= Problem =
Below are records; the lines starting at the one with "This bright yellow" and ending at the one with "Bergamo, 29 Agosto." must be reproduced exactly, both included. Pictures must not appear.

= Data to use =

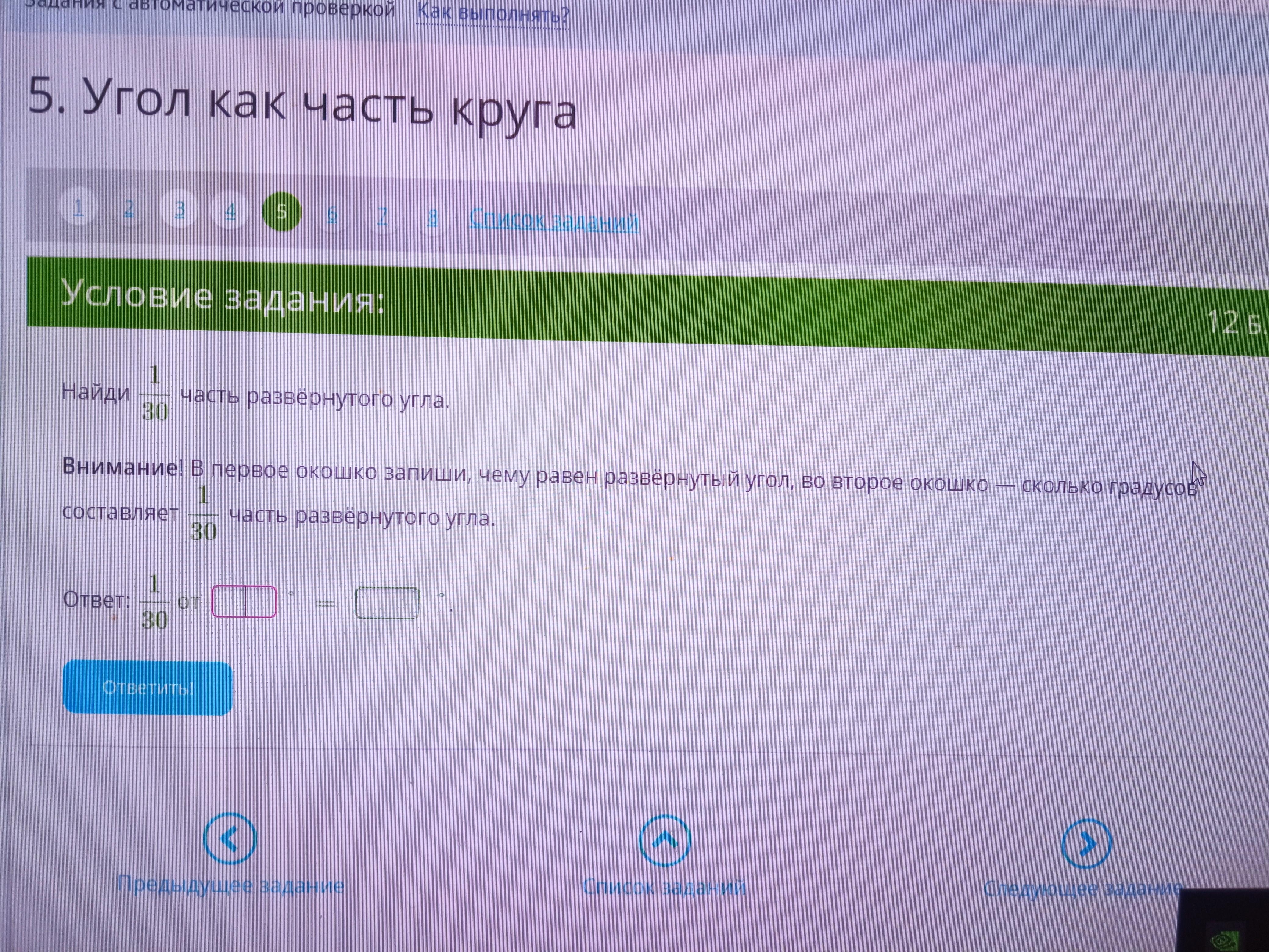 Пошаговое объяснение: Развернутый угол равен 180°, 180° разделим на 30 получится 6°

...

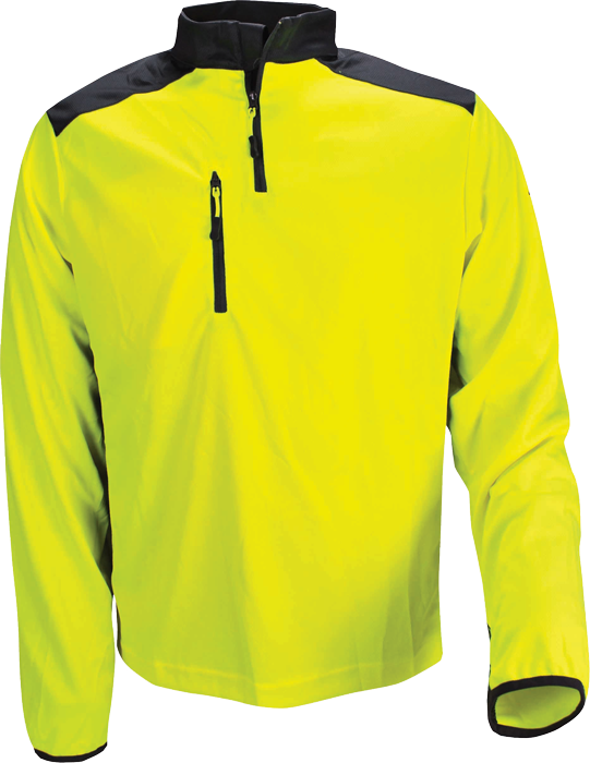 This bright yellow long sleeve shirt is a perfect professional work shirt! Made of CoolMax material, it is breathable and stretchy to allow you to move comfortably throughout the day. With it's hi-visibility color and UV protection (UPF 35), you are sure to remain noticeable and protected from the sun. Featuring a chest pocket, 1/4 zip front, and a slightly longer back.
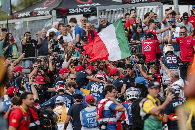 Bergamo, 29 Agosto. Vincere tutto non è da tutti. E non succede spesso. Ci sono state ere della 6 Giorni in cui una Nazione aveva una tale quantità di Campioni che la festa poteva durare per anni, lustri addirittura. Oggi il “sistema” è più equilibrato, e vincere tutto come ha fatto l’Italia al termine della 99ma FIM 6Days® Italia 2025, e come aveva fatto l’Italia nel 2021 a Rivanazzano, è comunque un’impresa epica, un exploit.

==

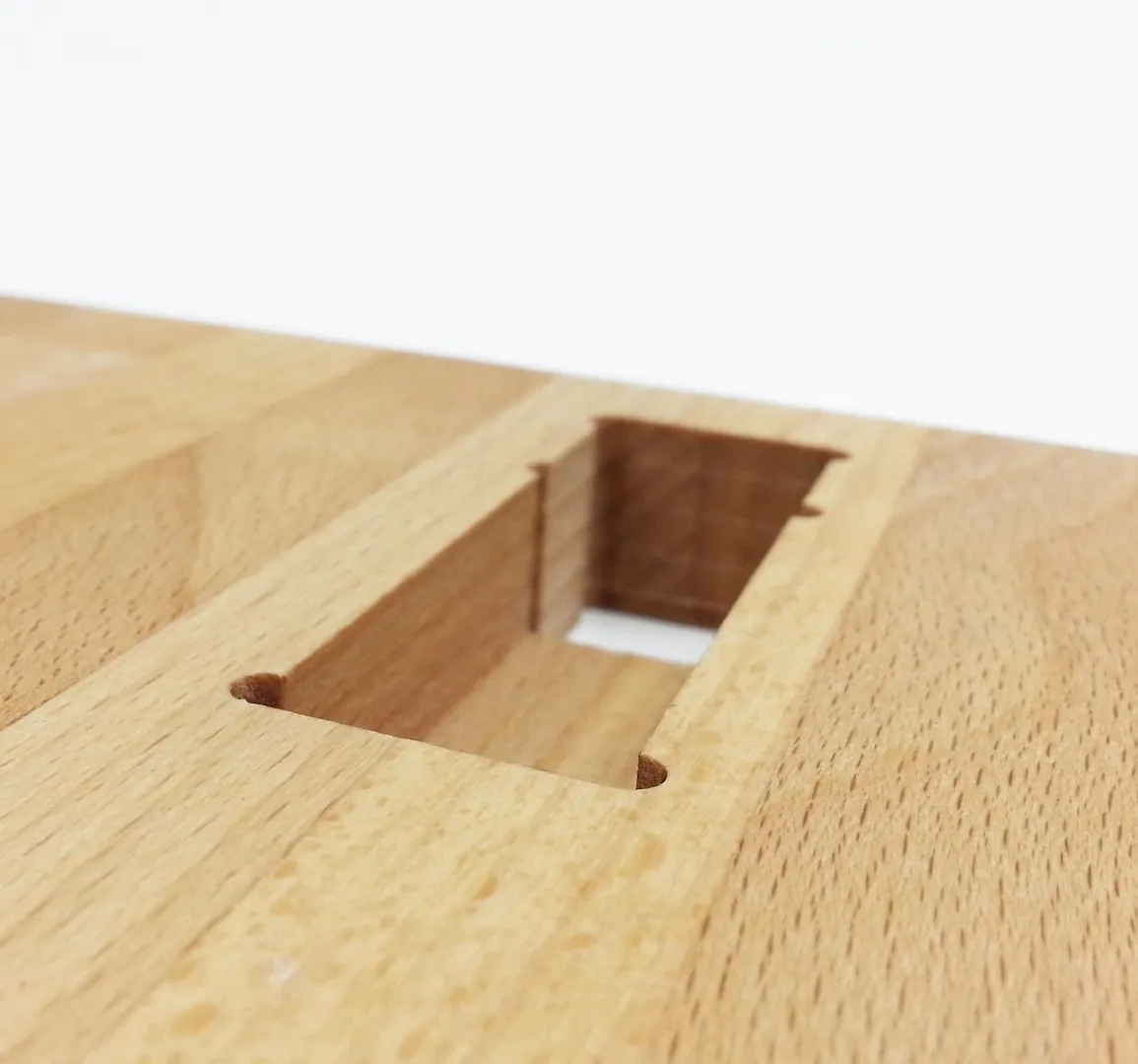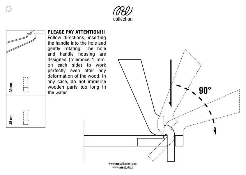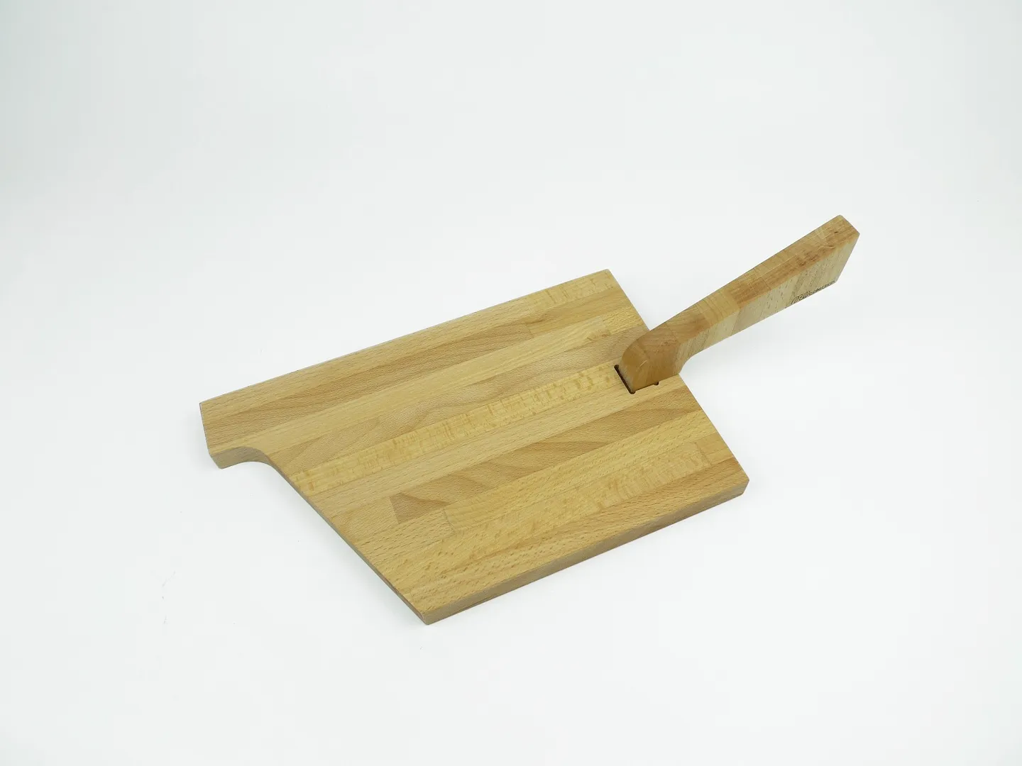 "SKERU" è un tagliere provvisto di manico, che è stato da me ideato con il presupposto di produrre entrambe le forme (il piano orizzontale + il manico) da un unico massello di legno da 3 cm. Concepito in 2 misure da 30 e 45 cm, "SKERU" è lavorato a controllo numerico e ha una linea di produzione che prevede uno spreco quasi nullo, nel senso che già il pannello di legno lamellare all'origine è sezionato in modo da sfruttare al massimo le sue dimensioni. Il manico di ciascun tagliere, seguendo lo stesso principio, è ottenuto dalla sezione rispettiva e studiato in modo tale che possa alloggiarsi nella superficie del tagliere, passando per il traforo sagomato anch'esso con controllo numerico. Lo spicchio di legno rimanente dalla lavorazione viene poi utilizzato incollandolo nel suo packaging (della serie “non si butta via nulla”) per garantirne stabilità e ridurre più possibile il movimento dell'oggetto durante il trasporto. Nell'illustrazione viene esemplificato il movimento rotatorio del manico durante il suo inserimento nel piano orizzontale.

= Answer for the task =
 This bright yellow long sleeve shirt is a perfect professional work shirt! Made of CoolMax material, it is breathable and stretchy to allow you to move comfortably throughout the day. With it's hi-visibility color and UV protection (UPF 35), you are sure to remain noticeable and protected from the sun. Featuring a chest pocket, 1/4 zip front, and a slightly longer back.
 Bergamo, 29 Agosto. Vincere tutto non è da tutti. E non succede spesso. Ci sono state ere della 6 Giorni in cui una Nazione aveva una tale quantità di Campioni che la festa poteva durare per anni, lustri addirittura. Oggi il “sistema” è più equilibrato, e vincere tutto come ha fatto l’Italia al termine della 99ma FIM 6Days® Italia 2025, e come aveva fatto l’Italia nel 2021 a Rivanazzano, è comunque un’impresa epica, un exploit.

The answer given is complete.